How these properties work in GPS systems:

  • Non-negativity: GPS never tells you a destination is "-2 miles away"
  • Identity: If you're already at your destination, GPS shows "0.0 miles"
  • Symmetry: The distance from Home to Work is the same as Work to Home (same route)
  • Triangle Inequality: GPS will never suggest a route that's longer than necessary

Without these properties, GPS would give you nonsensical directions!

Non-negativity Impact

What it means: All distances are positive numbers, making clustering results consistent and interpretable.

Real-world analogy: Like having a ruler that only shows positive measurements - you always know what "closer" means.

Why it matters: K-means centroids are always meaningful since all distances are positive, so the algorithm knows which points are truly closest to each center.

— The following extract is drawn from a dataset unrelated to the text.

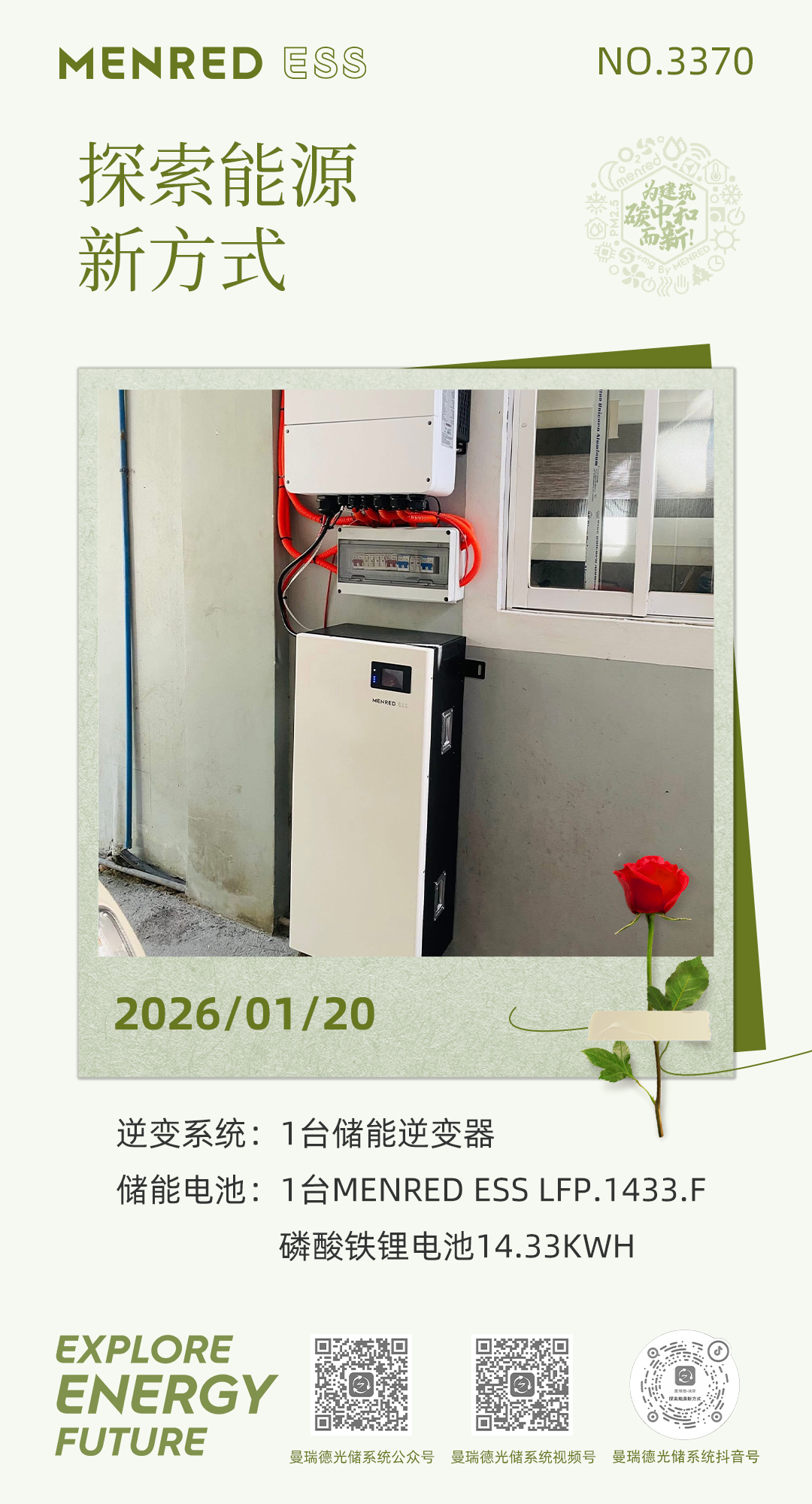 “ ” 曼瑞德光储系统,搭载1台逆变器和1台14.33KWh磷酸铁锂电池,为您的家庭提供...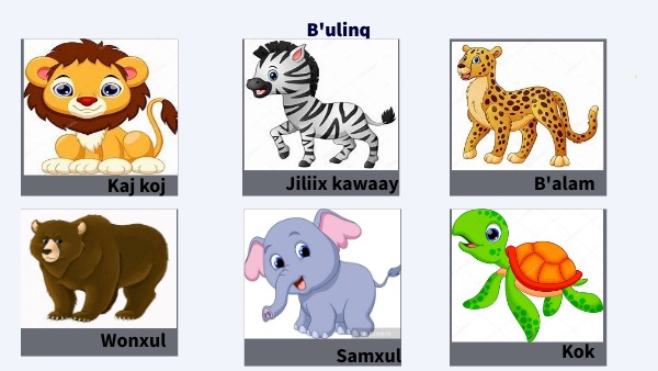 Lotería de animales salvajes en q'eqchi'

Without it: Algorithms might group points that are actually far apart, leading to nonsensical clusters.

Identity Importance

What it means: Identical points have zero distance between them, ensuring they're treated as the same entity.

Real-world analogy: Like having two identical twins - they're treated as the same person for clustering purposes.

Why it matters: Prevents artificial cluster fragmentation due to duplicate data points.

Without it: Identical points might be treated as separate, leading to artificial clusters.

Symmetry Significance

What it means: Distance from A to B is the same as from B to A, making clustering algorithms work consistently.

Real-world analogy: Like a two-way street - the distance is the same whether you're going north or south.

Why it matters: Hierarchical clustering linkage calculations require symmetric distances for consistent results.

Without it: Clustering might depend on the order you process the data, giving different results each time.

Triangle Inequality Utility

What it means: Direct paths are never longer than indirect ones, enabling efficient clustering algorithms.

Real-world analogy: Like GPS always finding the shortest route - no unnecessary detours.

Why it matters: DBSCAN uses triangle inequality to efficiently find neighbors, making it much faster.

Without it: Algorithms would have to check every possible path, making them extremely slow.

Mathematical Notation and Conventions

Throughout this course, we'll use consistent mathematical notation. Understanding this notation is crucial for following the theoretical developments.

Standard Notation

  • ℝⁿ: n-dimensional real vector space
  • x, y, z: Points/vectors in the space (typically column vectors)
  • xᵢ: The i-th component of vector x
  • ‖x‖: Norm of vector x
  • ⟨x, y⟩: Inner product (dot product) of vectors x and y
  • d(x, y): Distance between points x and y
  • ∀: "For all" (universal quantifier)
  • ∃: "There exists" (existential quantifier)
  • ⟺: "If and only if" (bidirectional implication)

Common Distance Families

Distance metrics can be classified into several major families, each with distinct mathematical properties and optimal use cases.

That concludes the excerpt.